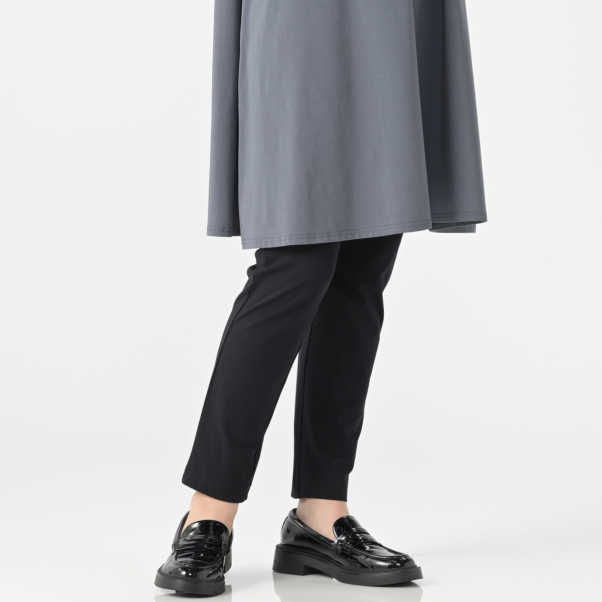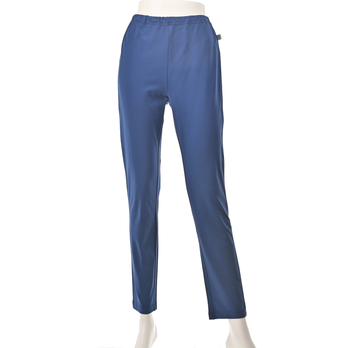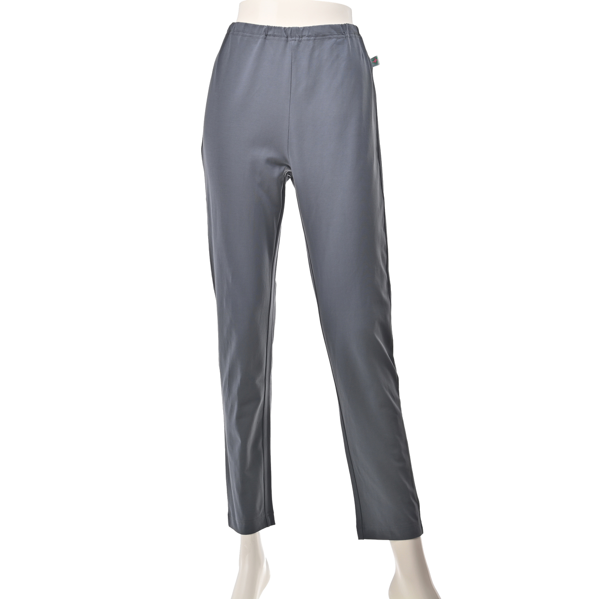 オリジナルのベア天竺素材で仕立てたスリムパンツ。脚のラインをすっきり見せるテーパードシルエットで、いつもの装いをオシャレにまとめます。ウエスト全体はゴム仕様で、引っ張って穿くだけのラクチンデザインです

* * *

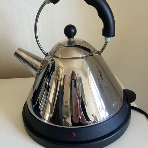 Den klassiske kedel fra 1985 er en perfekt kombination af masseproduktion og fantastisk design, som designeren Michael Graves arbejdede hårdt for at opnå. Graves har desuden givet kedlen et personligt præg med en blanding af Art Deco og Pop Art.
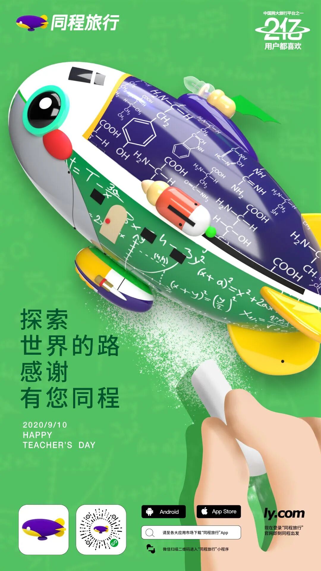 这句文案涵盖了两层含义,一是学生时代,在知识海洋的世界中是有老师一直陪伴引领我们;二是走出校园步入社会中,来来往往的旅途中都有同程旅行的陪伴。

---

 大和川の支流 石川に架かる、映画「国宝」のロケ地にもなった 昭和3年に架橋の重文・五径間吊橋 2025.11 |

## Problem details
Look above for the line with "Den klassiske kedel" and the line with "这句文案涵盖了两层含义,一是", then copy exactly the lines from the first through the second, both kept, with no pictures.

## Answer space
 Den klassiske kedel fra 1985 er en perfekt kombination af masseproduktion og fantastisk design, som designeren Michael Graves arbejdede hårdt for at opnå. Graves har desuden givet kedlen et personligt præg med en blanding af Art Deco og Pop Art.
 这句文案涵盖了两层含义,一是学生时代,在知识海洋的世界中是有老师一直陪伴引领我们;二是走出校园步入社会中,来来往往的旅途中都有同程旅行的陪伴。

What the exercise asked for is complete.